Ways to stand out from the crowd:
- Prior work on spatial or dataflow architectures, including static scheduling, pipeline parallelism, or tensor parallelism at scale.
- Contributions to opensource ML frameworks, compilers, or runtime systems, particularly in areas related to performance or scalability.
- Demonstrated research impact, such as publications or presentations at conferences like PLDI, CGO, ASPLOS, ISCA, MICRO, MLSys, NeurIPS, or similar.
- Experience with large-scale AI distributed inference or training systems, including performance modeling and capacity planning for multi rack deployments.
Senior Machine Learning Applications and Compiler Engineer in Cambridge employer: NVIDIA Corporation
Contact Detail:
NVIDIA Corporation Recruiting Team
StudySmarter Expert Advice 🤫
We think this is how you could land Senior Machine Learning Applications and Compiler Engineer in Cambridge
✨Tip Number 1
Network like a pro! Reach out to folks in the industry on LinkedIn or at meetups. A friendly chat can open doors that a CV just can't.
✨Tip Number 2
Show off your skills! Create a portfolio or GitHub repo showcasing your projects, especially those related to ML and compilers. It’s a great way to demonstrate your expertise beyond the application.
✨Tip Number 3
Prepare for interviews by practising common technical questions and coding challenges. We recommend using platforms like LeetCode or HackerRank to sharpen your skills before the big day.
✨Tip Number 4
Don’t forget to apply through our website! It’s the best way to ensure your application gets seen by the right people. Plus, we love seeing candidates who are proactive!
We think you need these skills to ace Senior Machine Learning Applications and Compiler Engineer in Cambridge
Some tips for your application 🫡
Tailor Your CV: Make sure your CV is tailored to the role of Senior Machine Learning Applications and Compiler Engineer. Highlight your relevant experience in compiler development, deep learning frameworks, and any specific projects that showcase your skills in systems-level programming.

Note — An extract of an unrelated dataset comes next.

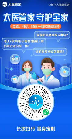 作为中国太保在大健康领域的重要布局,太医管家拥有近300人的自建医生服务团队,医生平均拥有10年临床经验,并深度绑定超500名外部专家。在自有医生和外部医生合作的“双医模式”下,太医管家已经为超过300万用户提供了专业便捷的服务。此次上线抗疫服务专区,是平台推动优质医疗资源普惠化的又一具体措施。太医管家将以“让每个人健康生活”为目标,助力大家“做好自己健康的第一责任人”。

Craft a Compelling Cover Letter: Your cover letter is your chance to shine! Use it to explain why you're passionate about this role and how your background aligns with our needs at StudySmarter. Don’t forget to mention any standout projects or contributions to open-source ML frameworks.

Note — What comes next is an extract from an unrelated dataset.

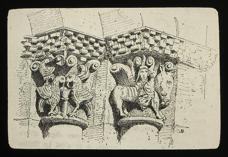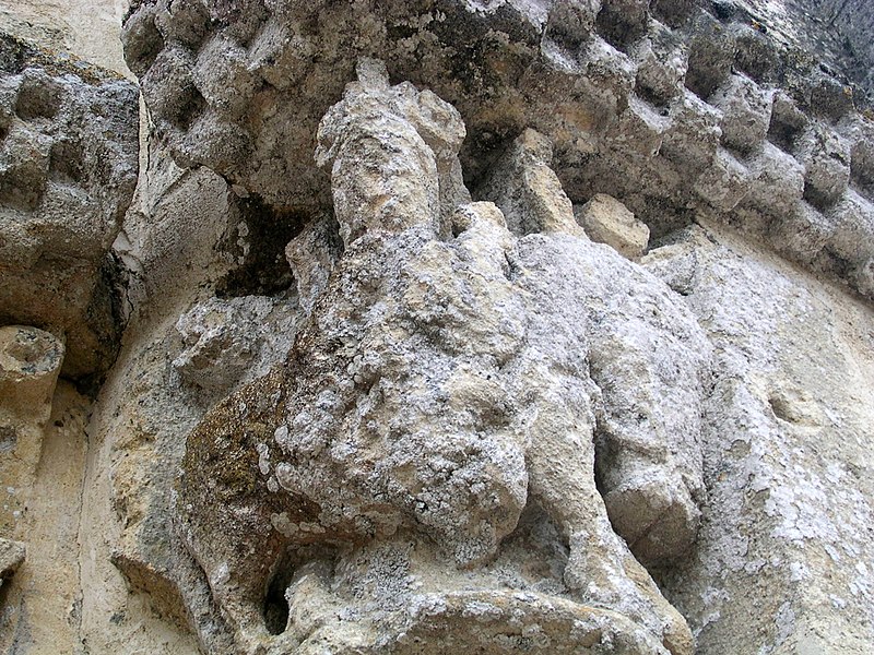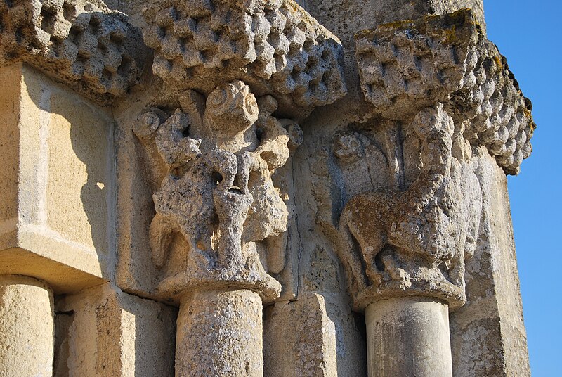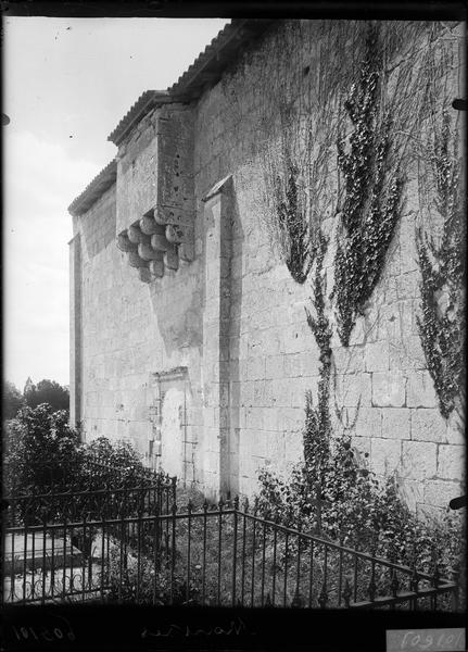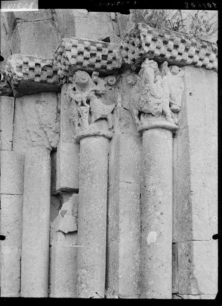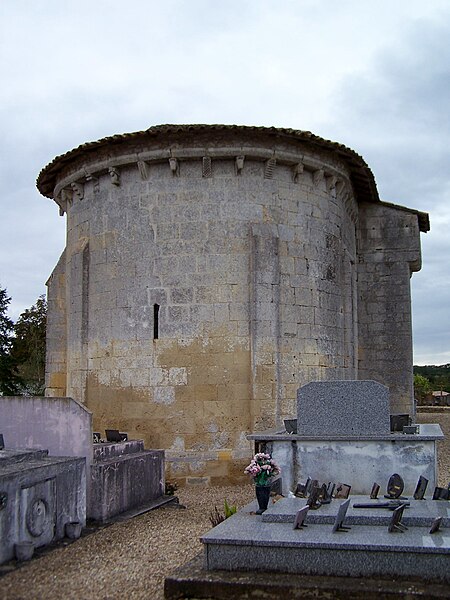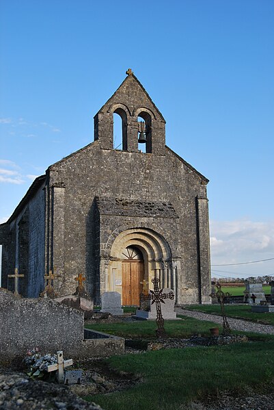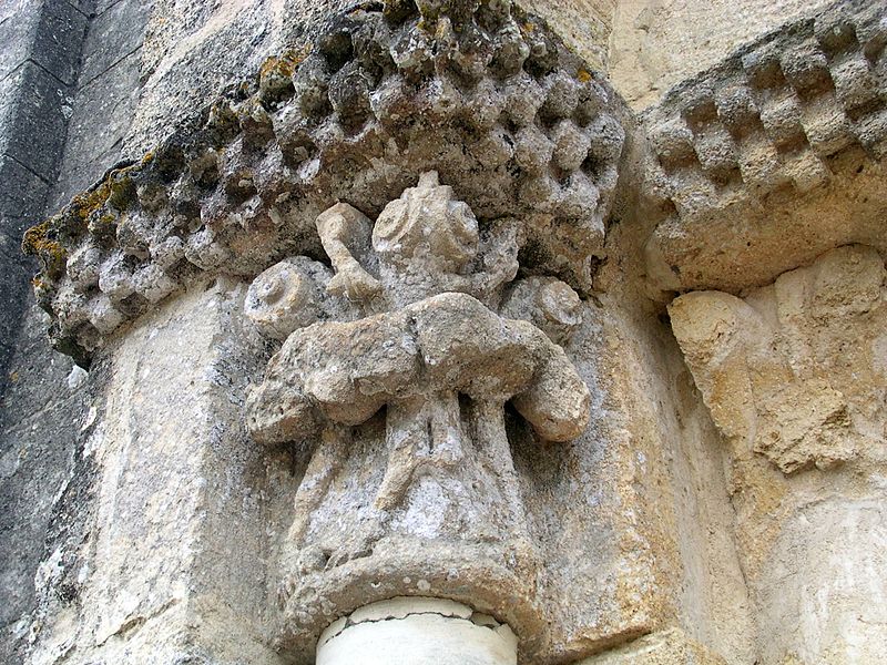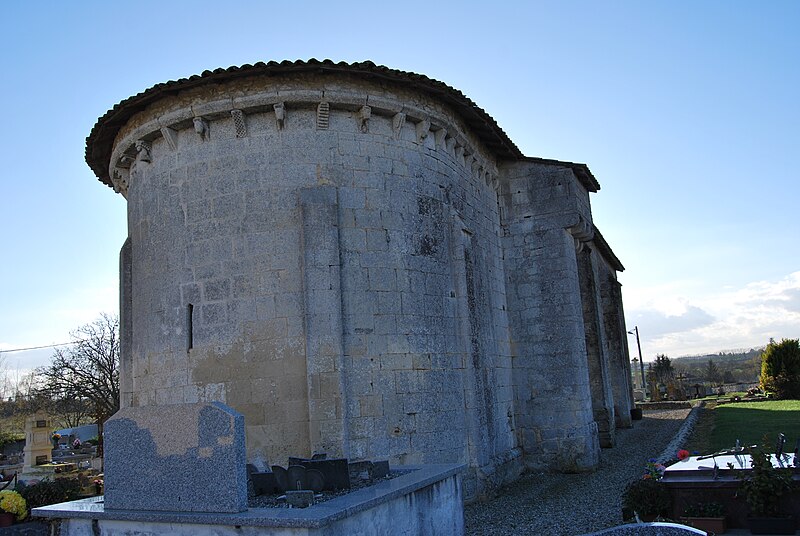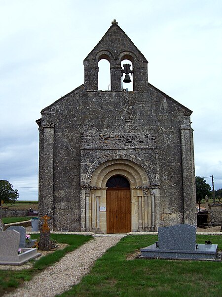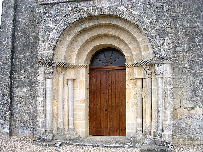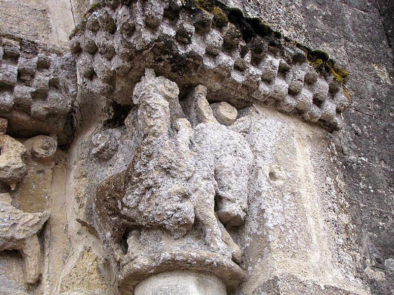L'église Saint-Pierre de Martres, en Gironde, se situe au cœur du bourg, à proximité de la route départementale D119. L'édifice, d'origine romane, date du XIIe siècle ; il a été remanié aux XIVe et fortifié au XVIe siècle, puis réparé aux XVIIIe et XIXe siècles. Le plan comprend une nef unique non voûtée et lambrissée, un chœur de plan carré et une abside semi-circulaire voûtés, éclairée par une petite baie axiale. La façade ouest présente un portail roman muni de colonnettes à chapiteaux historiés et surmonté d'un clocher-mur percé de deux baies. L'ensemble est bâti en pierres de taille ; certaines pierres du mur sud portent des marques de tâcherons. Une partie du mur nord a été refaite et le bâtiment est flanqué d'une série de contreforts plats, plus saillants au nord qu'au sud. Les remaniements extérieurs liés aux guerres de Religion comprennent la construction, sans doute au XVIe siècle, d'une échauguette sur le flanc nord, partiellement appuyée sur un contrefort et pourvue de trous de visée pour armes à feu. Sur le flanc sud, une petite porte ouverte au XVe siècle est surmontée d'une bretèche servant d'assommoir et d'emplacement de tir ; cette porte, remaniée au XVIIIe siècle, porte le monogramme IHS. À l'intérieur, la nef est dépourvue d'ornementation et deux autels latéraux ont été installés à l'extrémité orientale ; le chevet est couvert par une voûte surhaussée reposant sur un arc triomphal en anse de panier. Les sculptures romanes, attribuées à un atelier actif au milieu du XIIe siècle et inspiré notamment par l'abbaye de Saint-Ferme, ornent le portail et le sanctuaire. Le portail s'ouvre dans un avant-corps à quatre voussures ; trois d'entre elles reposent sur des colonnettes modernes dont les chapiteaux portent un tailloir et une frise continue de billettes. Parmi les six chapiteaux du portail, quatre sont d'époque romane et historiés ; trois d'entre eux sont encore identifiables : le chapiteau nord montre deux grands félins squelettiques accolés, l'un des chapiteaux sud représente des oiseaux buvant à un calice eucharistique et le second illustre la fuite en Égypte avec la Vierge à l'âne. Sous la corniche du chevet, les modillons présentent des têtes de loup ou de monstre et des motifs géométriques, sans grande leçon moralisatrice explicite. Les chapiteaux du sanctuaire offrent des scènes plus narratives et symboliques : le premier chapiteau nord évoque la vocation des premiers disciples par une embarcation et des rameurs, avec la présence d'un personnage auréolé, tandis qu'un lion et un oiseau figurent en arrière-plan ; ce type de composition renvoie aux évangiles et trouve un parallèle à l'église Saint-Sulpice de Daubèze. Le second chapiteau nord représente deux dogues déchirant une tête humaine sur la face visible des fidèles, et, sur la face cachée, un rapace fondant sur un lièvre, image allégorique de la lutte contre la luxure. Le chapiteau sud 1 montre deux lions affrontés séparés par un entrelacs central. Le chapiteau sud 2 illustre la condamnation des « hommes invertis » : deux figures accroupies ont la tête en proie à un lion et tiennent des becs de rapace ; la présence d'un médaillon dorsal associe cette scène, dans l'iconographie romane locale, à une dénonciation de l'homosexualité. L'édifice est inscrit au titre des monuments historiques par arrêté du 21 novembre 1925.

Showcase Your Technical Skills: In your application, be sure to highlight your proficiency in C/C++ or Rust, as well as your experience with LLVM or MLIR. We want to see how you’ve applied these skills in real-world scenarios, so include specific examples where possible.
Apply Through Our Website: We encourage you to apply through our website for the best chance of getting noticed. It’s super easy, and you’ll be able to keep track of your application status directly. Plus, we love seeing applications come through our own platform!
How to prepare for a job interview at NVIDIA Corporation
✨Know Your Stuff
Make sure you brush up on your knowledge of compilers, deep learning frameworks, and the specific technologies mentioned in the job description. Be ready to discuss your experience with C/C++, Rust, LLVM, and MLIR, as well as any relevant projects you've worked on.
✨Showcase Your Problem-Solving Skills
Prepare to tackle some technical questions or coding challenges during the interview. Think about how you can demonstrate your analytical and debugging skills, especially in relation to performance improvements and compiler optimisations.
✨Communicate Clearly
Since collaboration is key in this role, practice explaining complex concepts in a simple way. Be prepared to discuss how you've worked with hardware architects or other teams in the past, and highlight your communication skills throughout the interview.
✨Bring Your Passion for Innovation
NVIDIA is all about pushing boundaries, so show your enthusiasm for cutting-edge technology. Talk about any innovative projects you've been involved in, especially those related to spatial processors or large-scale AI systems, and how they could relate to the role you're applying for.